A Russian shot at me from a helicopter — Stepan Boiarchuk, Zahaltsi village
Our soldiers were here, and they said: “ Those who can — leave.” As soon as my people got ready, they just left, and it began. The Russians came in, and the shooting started. It was flying, and I don’t know where it came from. Here, such a projectile flew; this was the thickness of the iron! How it skidded in that direction! A house was standing, a shell went there, and the blast wave hit us... We had an iron gate here, so shards flew through the windows. There was debris in the house: it broke through the walls and the kitchen all the way to the bathroom. Half the home was demolished. The roof was blown off. We had to borrow a lot of money for restoration.
The garage fell apart. We had two summer kitchens. There were freezers, dishes, and a closet here. They were two-story, with a staircase to the second floor. All that was left was the stepladder. But this tile in the yard is broken because they shot at me from a helicopter. I just left the porch, and a Russian flew from there and shot at me. I quickly ran into the house. I thought I’d jump out of the window if anything happened. He, however, flew on. Such a bastard!
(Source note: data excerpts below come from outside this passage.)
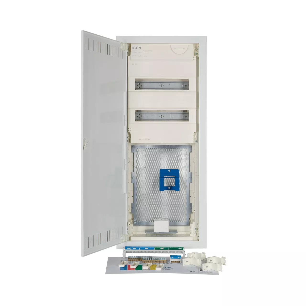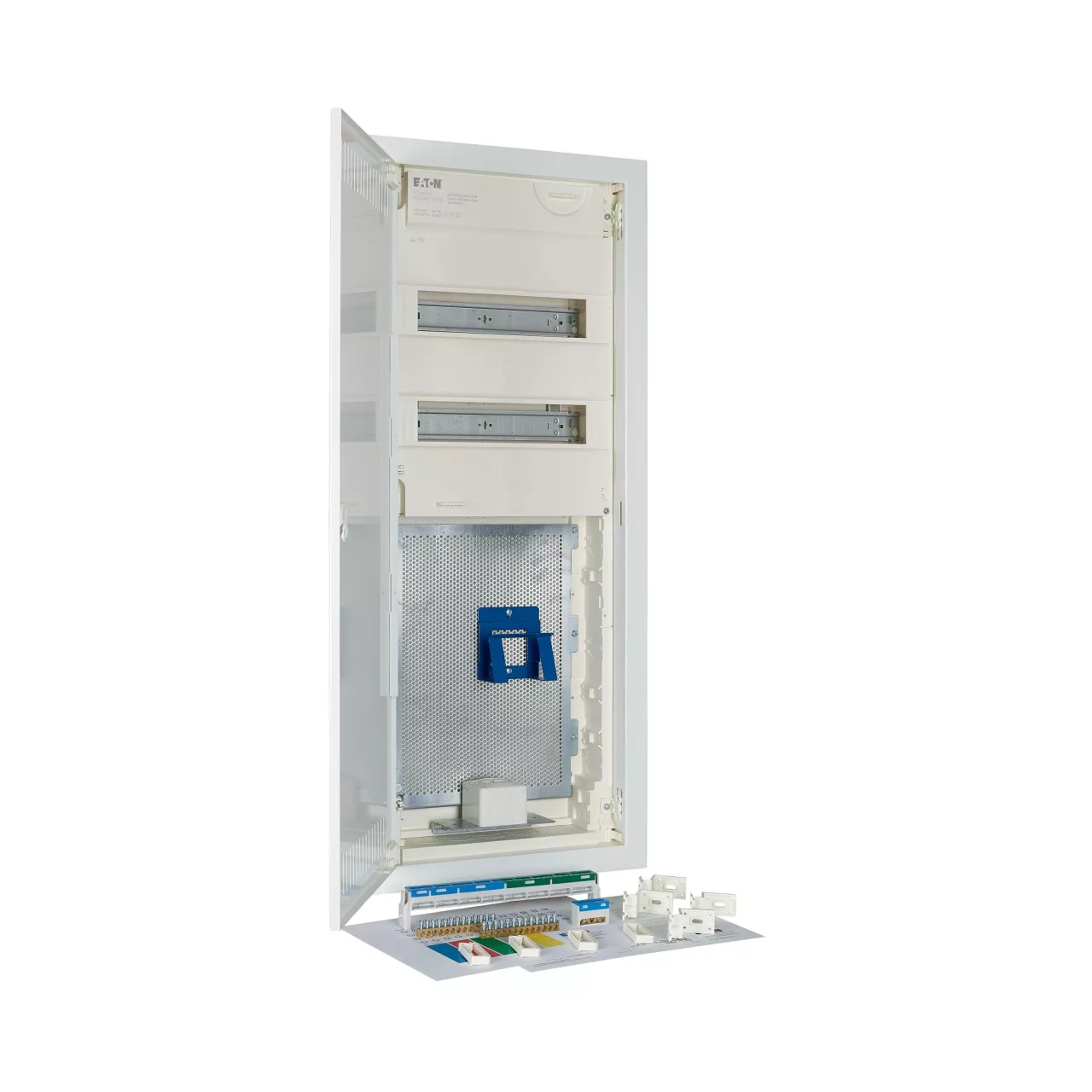 Hybrid KLV Unterputz-Kleinverteiler, Schutzklasse II, Kunststoffgehäuse mit Stahlblechtür, Frontabdeckung, plombierbar und laserbeschriftet entsprechend IEC/EN 60670-24,, plus 2 Teilungseinheiten Reserve je Reihe, Beschriftungsfeld in Wandkasten, einzigartiges, superflaches Türrahmen-Design, robuster Türdrehriegel, Optional ersetzbar mit Sicherheitsverriegelung, Kabelhalter für saubere Verkabelung, umfangreiches Zubehör, im Lieferumfang enthalten: Gehäuse, Geräteträger, Null- und Schutzleiterklemmen mit SK Schraubtechnik, Libelle zum Ausrichten
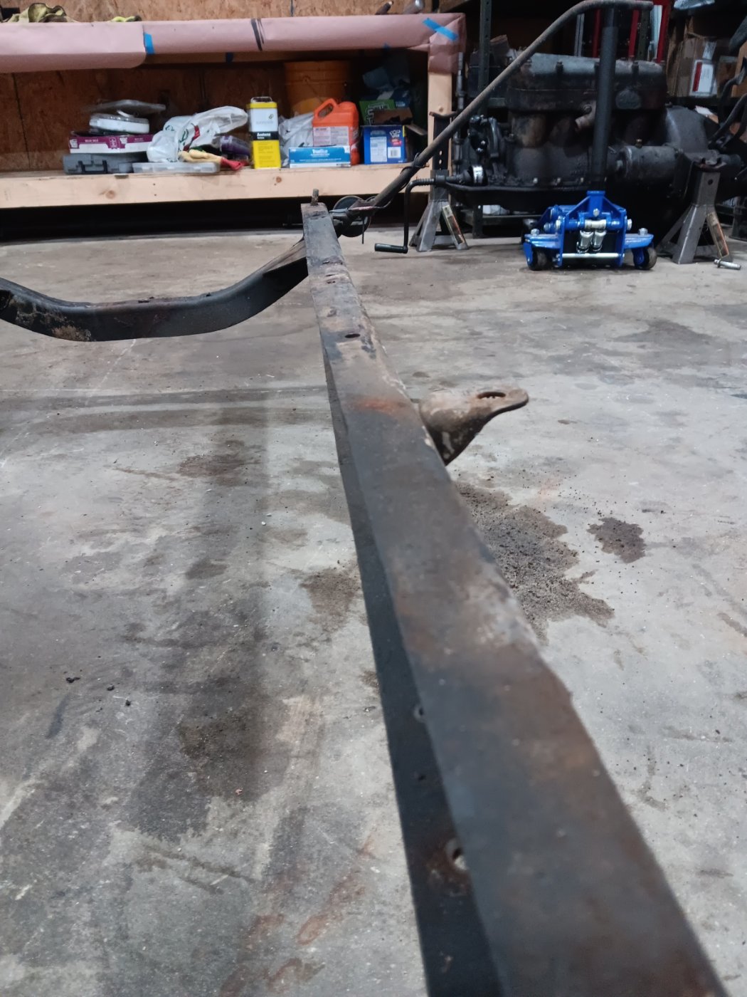 As for the car, it didn't look too bad, but I've torn down the whole car just the same. This car has seen it's fair share of adventures, to put it lightly. It is FULL of bondo and galvanized steel paneling. I knew it was cobbled together, but I didn't think it was as bad as it is, until I pulled it apart to really look. I started by pulling the rear end, which in hindsight wasn't the brightest thing to start with, but oh well. I pulled the motor, fenders, and the body and front axle too. The frame was tweaked multiple ways, and the accident only tweaked it more. The rails are racked about 1/2 inch, likely from the accident, however there's a lot more wrong with it than just that. I've got a better frame to put under it, and will likely use that. The right frame rail is bent 3 different ways. Its pushed in from the side about a 1/4 inch, bent where the engine ears sit and twisted longitudanly. I had an idea it was messed up when I put the motor in and saw it almost rubbed on one side of the e-brake crossbar and had an inch on the other side. The car tracked straight and didn't pull at all, so I left it.
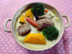 1.玉ねぎ1/4個はみじん切りにし、Aの材料とよく混ぜ、12個に丸める。 2.Bの野菜は一口大に切る。 3.ブロッコリーは、小房に分けて、茹でておく。 4,フライパンにサラダ油を熱し、@に小麦粉を薄く付けて表面を焼く。 5,鍋にサラダ油を熱し、Aを炒めて、水・コンソメを加える。煮立ったらCの肉を入れ、野菜が柔らかくなるまで10分程煮る。 6.牛乳を入れ、弱火で温め、塩コショウで味を整える。 |
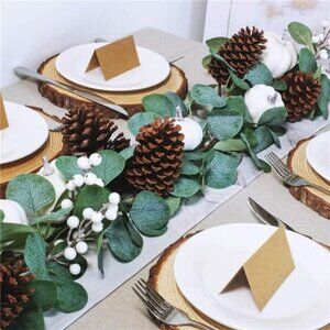 🧿Quantity: Package includes 6' long Artificial Silver Dollar Eucalyptus Leaves Garland with white pumpkins, pinecones and berries. Each White Pumpkin Garland has a loop at one of the ends for easy hanging.
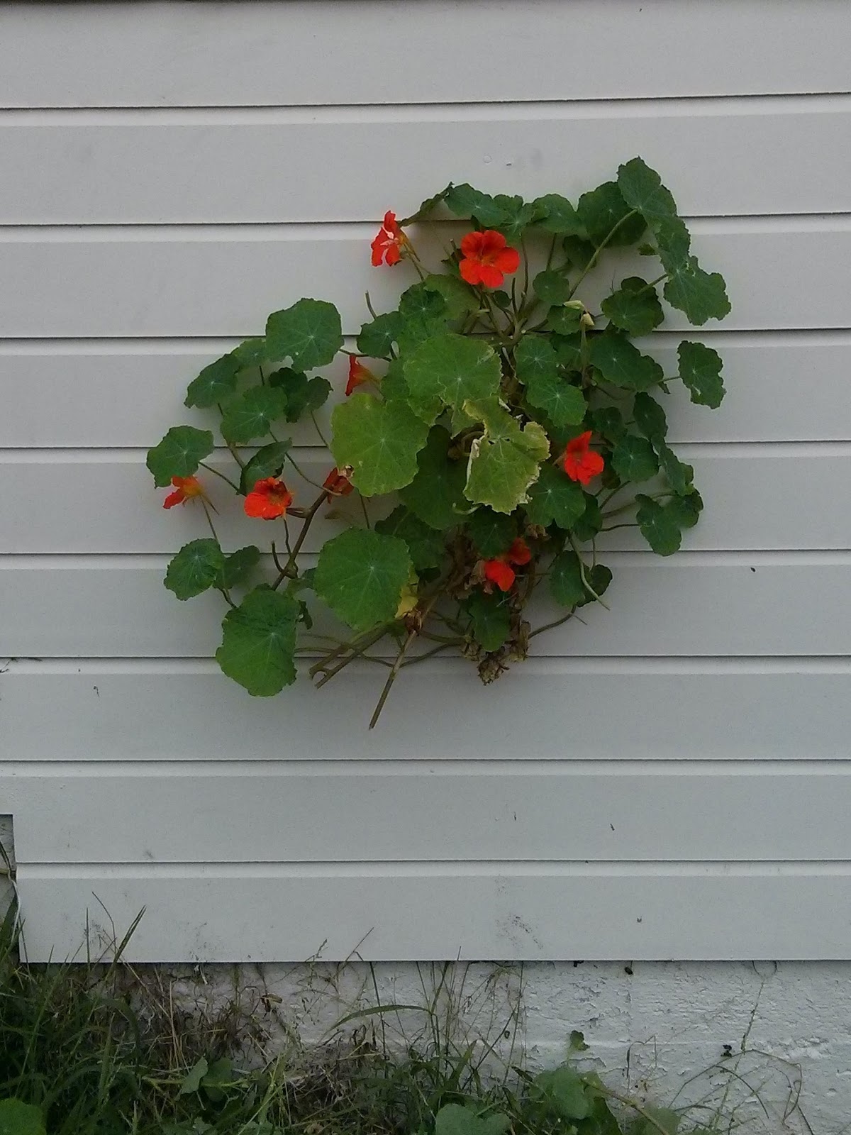 The sky is not my limit. I am. --T. F. HodgeA couple years ago this nasturtium crawled across our yard, into the neighbor's yard, and over their walking path. Sadly, the gardeners cut it down. Not to be deterred, the plant snaked into the foundation, twined up a basement wall, and found its way back to the light through a tiny crack in the siding. From my window the plant appeared to be floating like one of those gurus who levitate above the ground. But this isn't an illusion. This flower succeeded simply because it persisted. It was not in its nature to give up.
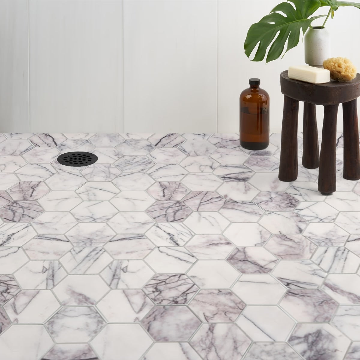 Order a Sample Get a sample of Lilac Honed 3 Inch Hexagon Marble Mosaic for only $5.00.
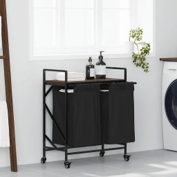 Kosz na pranie vidaXL Kosz na pranie 2 przegrody z kółkami, brązowy dąb

You know, they flew like this: one, two would pass by, then the planes would fly. They would fly over three times a day, shoot, and that’s it. You see, the windows were on fire. We have already installed new ones. There were two cars parked there. “Gazelle” and “Niva” burned completely. Well, everything here in the closets burned. All! We had just started renovating, taking everything out of the house, and everything burned to the ground: freezers, TVs, everything.
Morning and evening, they ironed us. And so, it seems, for a whole week — forty-two shells in my yard and garden. A neighbor came, and we dug some more from her garden. It flew from Druzhnia, it flew from Borodianka, you couldn’t tell where it was coming from. You see, the tile is broken. I went out, and everything was ruined! Here, we had a second floor, the balcony tilted and hung over the kitchen.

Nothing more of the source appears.